Please try to take an investigative approach.
I recall years ago after attending home satsang and over cookies and tea asking the regional secretary what they thought of the newest theory that all of creation began as a sub atomic particle of infinitesimal size and nearly infinite mass. I asked because it appeared to me that everyone was largely transparent fields of energy, so it made sense. We are all a projection, and the solid appearance of objects merely limitation of our visual cortex. And some mystics also wrote of it. The secretary scoffed and said "how absurd!"
I could only smile. We are all bound into little boxes by our small lives.
But science is one avenue to go outside a little bit and see the bigger picture.
The gift of awe has just the price of being willing to let go of old and false beliefs.
It's a great bargain!
If pascal wagered it was best to believe in God, I would add Brian's Wager, that we are filled with awe and ecstacy upon discovery, and the cost is only our old dogma.
Posted by: Spence Tepper | June 02, 2019 at 03:57 PM
Of course, he scoffed. Where’s your proof? Just because you believe something to be the truth (or possible), doesn’t make it so.
Just about anything is possible but pointing to articles by others doesn’t make it science or fact either - it makes it a mere hypothesis - a long way from being scientific theory.
Same for Gurinder, you only have your own hypothesis, based on 2nd hand news accounts to go on - the courts will decide based on objective evidence, not you.
Your opinion counts for precisely squat. The regional sec was right to scoff. Isn’t that how you deflate arrogance and sweeping deluded statements? I would just call it what it is - bullshit.
Posted by: Georgy Porgy | June 02, 2019 at 11:14 PM
Dear Spence
We are all bound into little boxes by our small lives.

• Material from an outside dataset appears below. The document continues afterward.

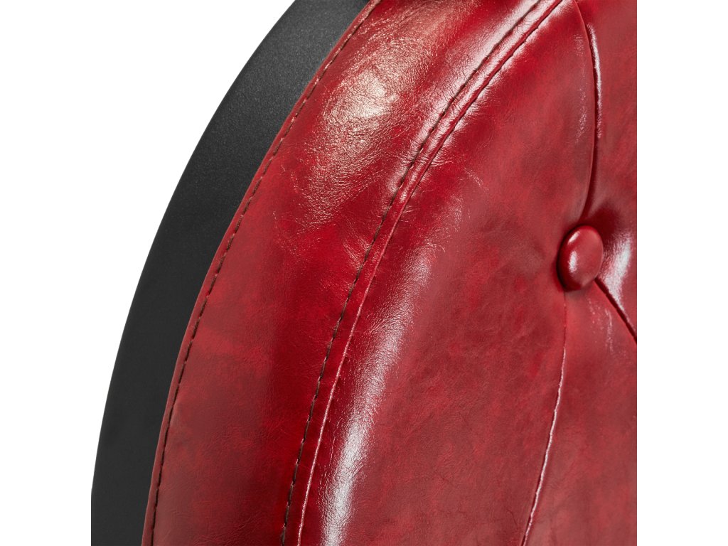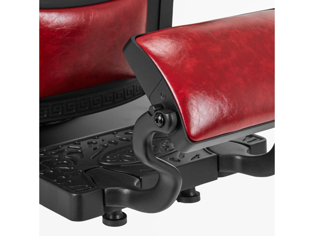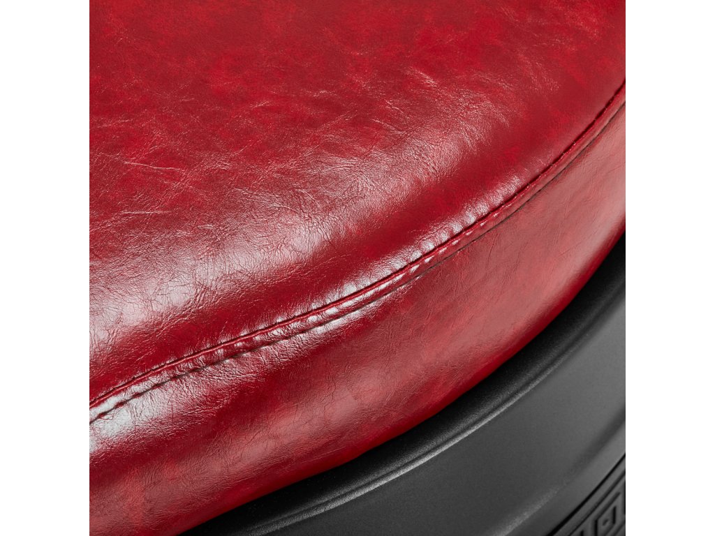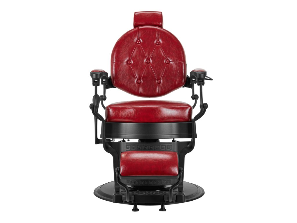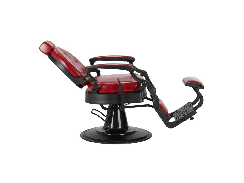 Pevná konštrukcia základne zaručuje stabilitu a vysoký komfort používania. Výplň sedadla je vyrobená z odolnej peny odolnej proti deformácii a čalúnenie je z príjemnej na dotyk syntetickej kože s lesklou povrchovou úpravou, ktorá zabezpečujeodolnosť nábytku a jeho pohodlné používanie počas dlhého obdobia. Vyrábajú tiež zariadeniaodolné voči vlhkosti, trvanlivé a ľahko sa čistia. Poťah v červených odtieňoch s prešívaním a ozdobnými gombíkmi mu dodáva jedinečný charakter. Kreslo s charakteristickým dizajnom,s odkazom na vintage štýl, dokonale zapadá do atmosféry holičstiev a podčiarkuje ich jedinečnú atmosféru.

But science is one avenue to go outside a little bit and see the bigger picture.
The gift of awe has just the price of being willing to let go of old and false beliefs.
Interesting points you made. If only we could identify our false beliefs.
Posted by: Mike England | June 03, 2019 at 01:19 AM
Science!!!
Posted by: anami | June 03, 2019 at 04:35 AM
Georgy,
Science is a great teacher of facts. The fact that this creation is mostly empty space, that you and I are not much more than a few dollars worth of chemicals, is not an issue for debate so long as you are considering facts. It's established.
The fact that the Dhillon family took fraudulent monies and hasn't repaid is just a matter of hard evidence.
You can ignore what scientists, and auditors, have proven.
You may continue to live in the illusion....
Posted by: Spence Tepper | June 03, 2019 at 10:17 AM
You don’t know your science from our elbow - just believing crap posts that you think are scientific. Those in the know realise they are complete bullshit.
At least do some science if you that interested in it, quantum entanglement in birds - fk this fool is clueless.
Or don’t do it if you don’t want to, but for the love of god done spite some mindless pbs pms report that you know nothing about .
Posted by: Georgy Porgy | June 03, 2019 at 11:55 AM
take a break and listen to this
from Nooran Sisters
punjabi - so english speaking people wont understand it
nooran sisters - bulleh shah qwali
https://www.youtube.com/watch?v=_nqNX6d7MFg&feature=youtu.be
Posted by: Osho Robbins | June 03, 2019 at 11:56 AM
SCIENCE!!!
Posted by: anami | June 03, 2019 at 12:18 PM
Hi Georgy
I guess you will have to take n up your complaint with those who have published on the research into quantum merchanics (in particular entanglement, superimposition and tunneling), specifically the links I provided to articles from Scientific American, Oxford University and Northwestern University.
You are most welcome b to submit your own links, or provide evidence of your own work in these fields b disputing current theory.
Or you can continue living in illusion.